Set HostnameLookups Off (default on sane builds) so access logs do not trigger reverse DNS per hit—do name resolution in your log pipeline if needed. High LogLevel on production adds I/O—scope per-module levels.

HTTP/2 and thread pools

With Protocols h2 http/1.1, long-lived streams multiplex on fewer TCP connections—worker/thread exhaustion manifests differently than HTTP/1.1 fan-out. Monitor concurrency inside php-fpm or app servers, not only Apache’s slot table.

Enterprise checklist

Baseline mod_status under representative TLS and payload mix.
Disable .htaccess where policy allows (htaccess guide).
Automate config tests before reload; capture before/after RPS and p99 latency.

Foundations: Apache configuration explained, virtual hosts.

Frequently Asked Questions

Q.When is prefork still the right MPM?

When you must run mod_php in-process with extensions that are not thread-safe, or vendor software mandates process isolation. Otherwise prefer event with external app servers (php-fpm, uWSGI, gunicorn).

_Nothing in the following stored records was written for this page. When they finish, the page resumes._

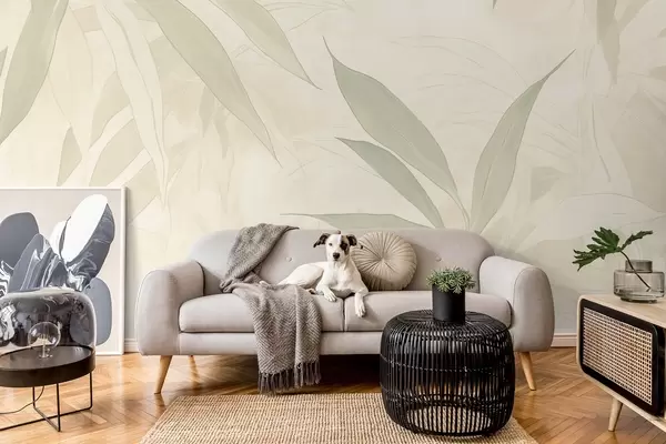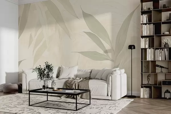 Fototapet Grenar med blad i mjuka gröna toner på en beige bakgrund Nr. w09027
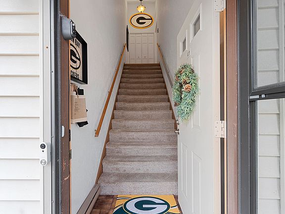 Unbeatable Gameday Living! Experience the ultimate Green Bay lifestyle in this beautifully updated 1182 Sq ft, 2-bed, 2-bath condo, moments from Lambeau Field. The move-in-ready, upper corner unit offers a private entrance for the owner-occupant who wants to soak in the gameday atmosphere. Step inside a bright, open space featuring new lighting and a double-pane patio door leading to your private deck. The kitchen shines with contemporary updates, including an integrated sink with a modern touchless faucet. Relax in the beautifully updated primary en-suite. Enjoy the convenience of in-unit laundry and peace of mind with newer windows and roof. A dedicated one-stall garage and extra basement storage are also included. Walking distance to Lambeau Field and Titletown. Allow 48 hrs binding!
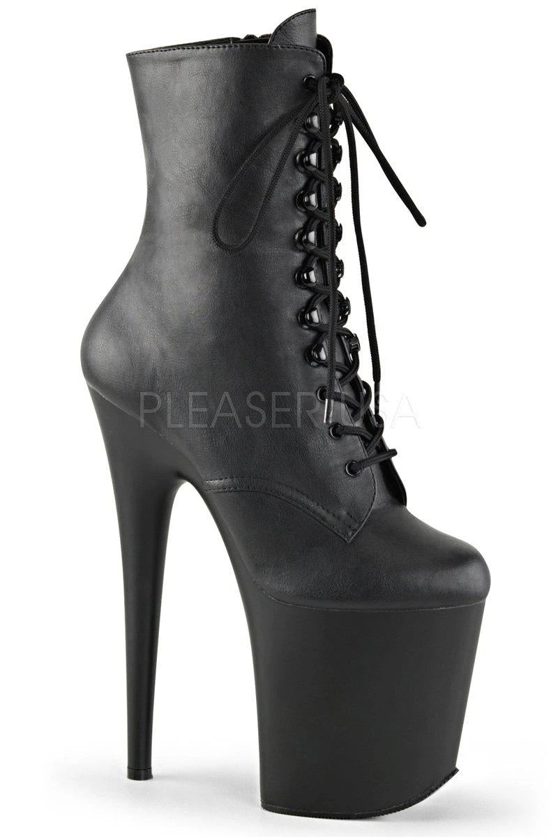 - Matte Black Platform Lace-Up Front Ankle Boot, Inside Zip Closure
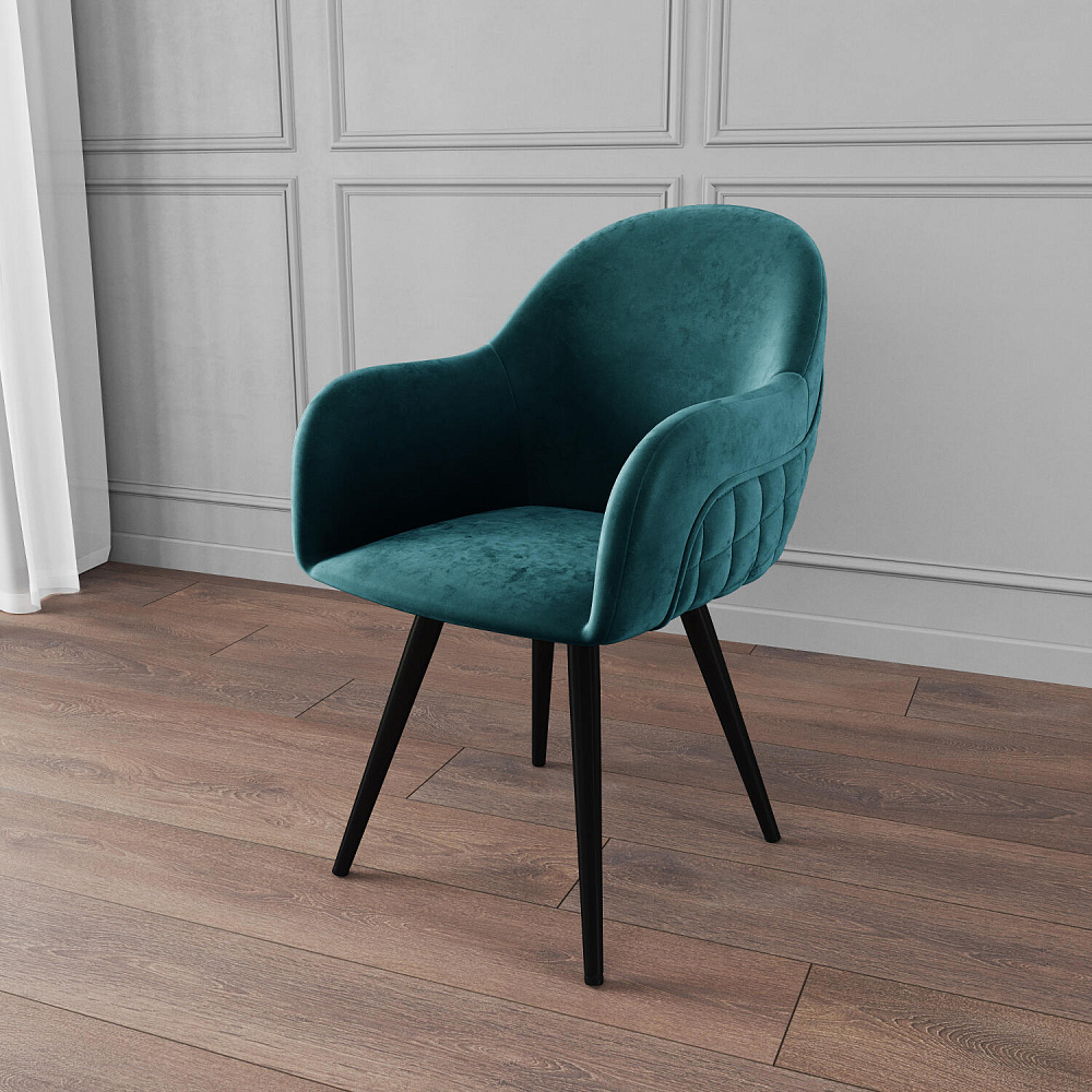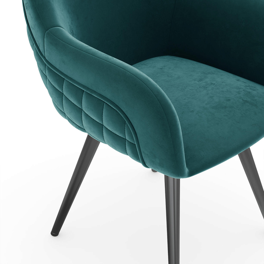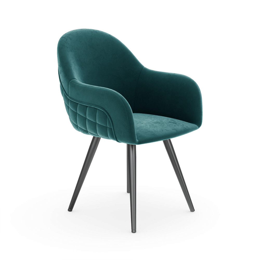 Мягкий стул с подлокотниками «Майкл» станет частью обеденной группы в современном или классическом интерьере. Обратная сторона спинки и подлокотников украшена ромбовидной строчкой и объемным кантом. Благодаря поворотному механизму можно удобно расположиться на стуле, не перемещая его по полу. Легкий блеск велюровой обивки придает модели изящность, а прямые металлические опоры дополняют сложившийся образ. Комплект из нескольких стульев поможет создать акцентную обеденную зону в интерьере. Также стул можно использовать вместе с туалетным или письменным столом.
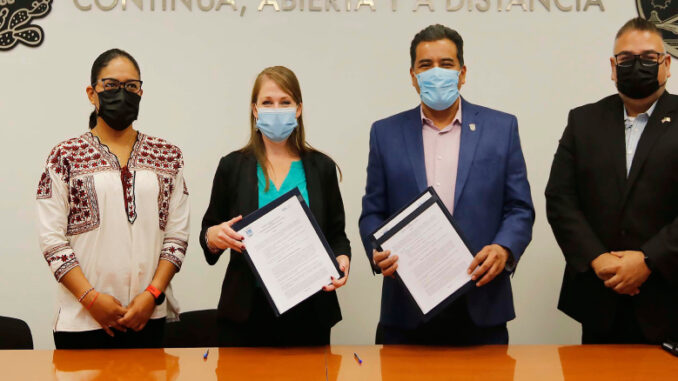 Oaxaca de Juárez, Oax., 02 de diciembre de 2021.- La Universidad Autónoma “Benito Juárez” de Oaxaca (UABJO), representada por el Rector, Eduardo Bautista Martínez, firmó un acuerdo de colaboración con autoridades académicas de la Universidad de Nebraska Kearney (UNK).
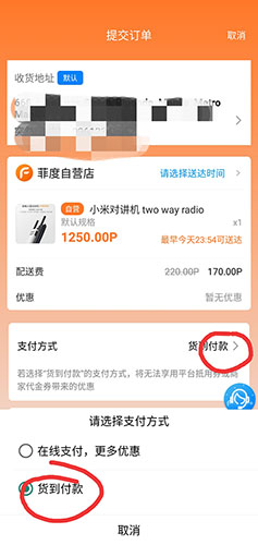 2. 您在提交订单后,即可在支付方式一栏选择货到付款(若不能选择,则为该商户暂不支持货到付款)。如对操作由任何疑问,可与我们24小时在线客服取得联系。

Q.How do file descriptor limits relate to MaxRequestWorkers?

Each active connection consumes at least one fd; TLS, HTTP/2 streams, proxied backends, and log pipes add more. systemd LimitNOFILE must exceed worst-case fds or accept() fails with cryptic client errors.

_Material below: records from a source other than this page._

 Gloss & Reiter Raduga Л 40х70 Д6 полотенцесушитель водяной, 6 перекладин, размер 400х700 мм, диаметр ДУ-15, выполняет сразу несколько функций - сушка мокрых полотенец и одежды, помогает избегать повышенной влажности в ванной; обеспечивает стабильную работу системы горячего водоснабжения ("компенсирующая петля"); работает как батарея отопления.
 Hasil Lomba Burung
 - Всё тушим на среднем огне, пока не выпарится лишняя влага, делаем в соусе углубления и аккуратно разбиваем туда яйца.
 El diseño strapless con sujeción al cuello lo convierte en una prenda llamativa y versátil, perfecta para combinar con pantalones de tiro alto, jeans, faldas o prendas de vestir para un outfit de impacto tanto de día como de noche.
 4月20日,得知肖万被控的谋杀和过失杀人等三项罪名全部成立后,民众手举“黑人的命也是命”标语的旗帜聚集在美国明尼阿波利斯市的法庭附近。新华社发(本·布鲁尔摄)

Q.What is ExtendedStatus in mod_status?

ExtendedStatus On exposes per-worker read/write counters and detailed slot tables in server-status—useful for tuning but restrict access strongly; never expose publicly.

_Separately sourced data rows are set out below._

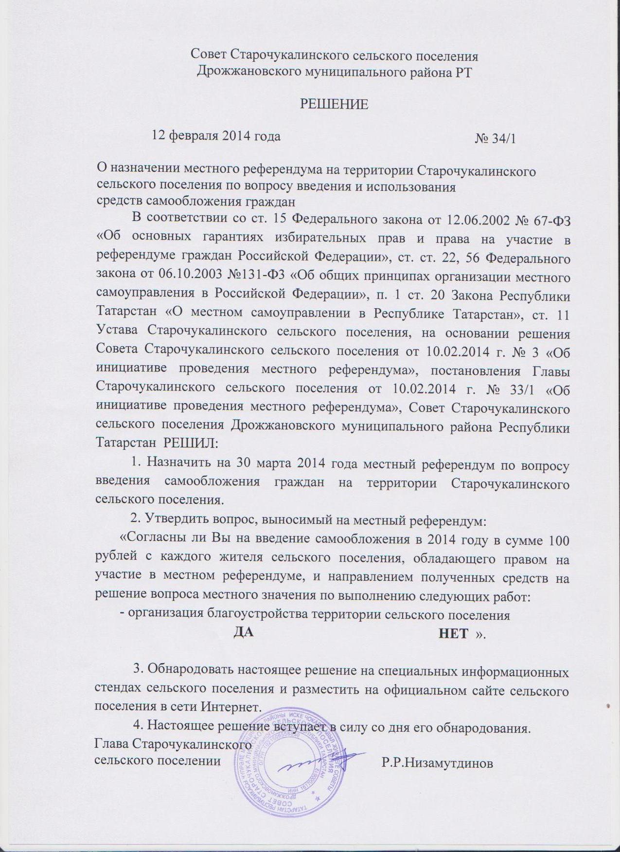 О назначении местного референдума на территории Старочукалинского СП по вопросу введения и использования средств самооблажения граждан
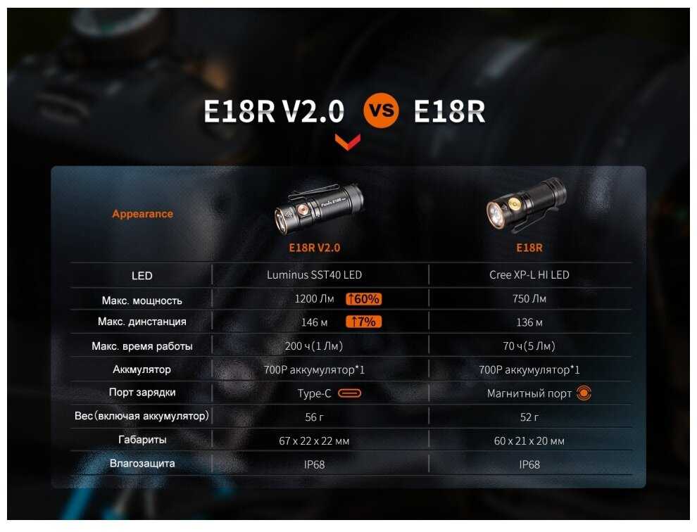 7.7/10 балловFenix E18R V2.0, 1 x 16340, диод Luminus SST-40, 146 метров, 1200 люмен (Комплект)
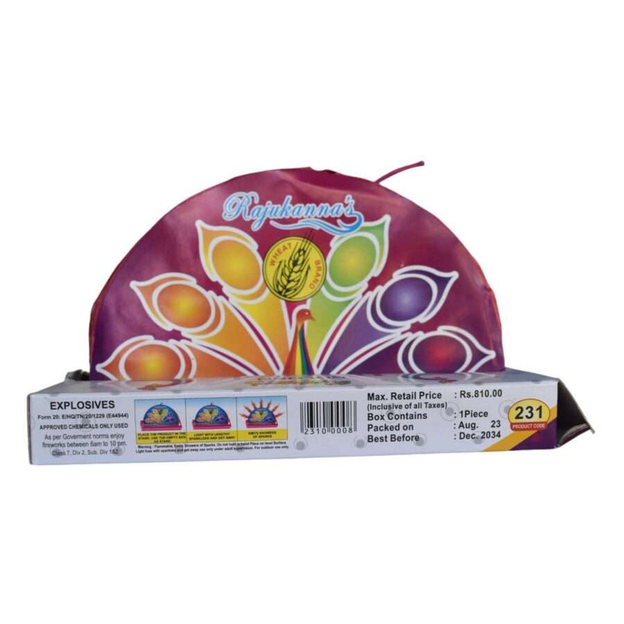 The Golden Peacock Fancy Fountain firecracker adds a touch of class and grandeur to your celebrations. Once lit, it showcases a magnificent display of golden sparks that fan out like a peacock’s plume, complemented by a subtle crackling effect. This firecracker is designed for moments of joy, bringing charm and delight to festivals, parties, and family gatherings. Its balanced noise level and graceful burn time offer a captivating show without overwhelming the senses. Whether it’s Diwali, a wedding, or any special occasion, this fancy fountain will leave your guests in awe, bringing elegance and a dazzling touch to your events.

Q.Should mod_deflate compress JSON APIs?

Often yes for textual JSON if clients send Accept-Encoding—but measure CPU; tiny payloads may not benefit and some mobile clients add latency decompressing.

Q.What is the risk of aggressive KeepAliveTimeout cuts?

Clients lose warm connections and repeat TLS handshakes—increasing CPU and latency—especially on HTTP/1.1 without connection coalescing.

Q.Does HostnameLookups Off improve performance?

Yes—reverse DNS per request is slow and unreliable; keep lookups off in Apache and resolve client IPs asynchronously in your log stack if required.

Q.How does HTTP/2 change tuning?

Fewer TCP connections carry more streams—bottlenecks shift to app thread pools and backend pools; watch single-connection concurrency limits in firewalls and load balancers.

Q.What does mod_cache_disk need on disk?

Fast local storage with enough inode capacity; cache maintenance (htcacheclean) to cap size—slow disks make disk cache worse than no cache.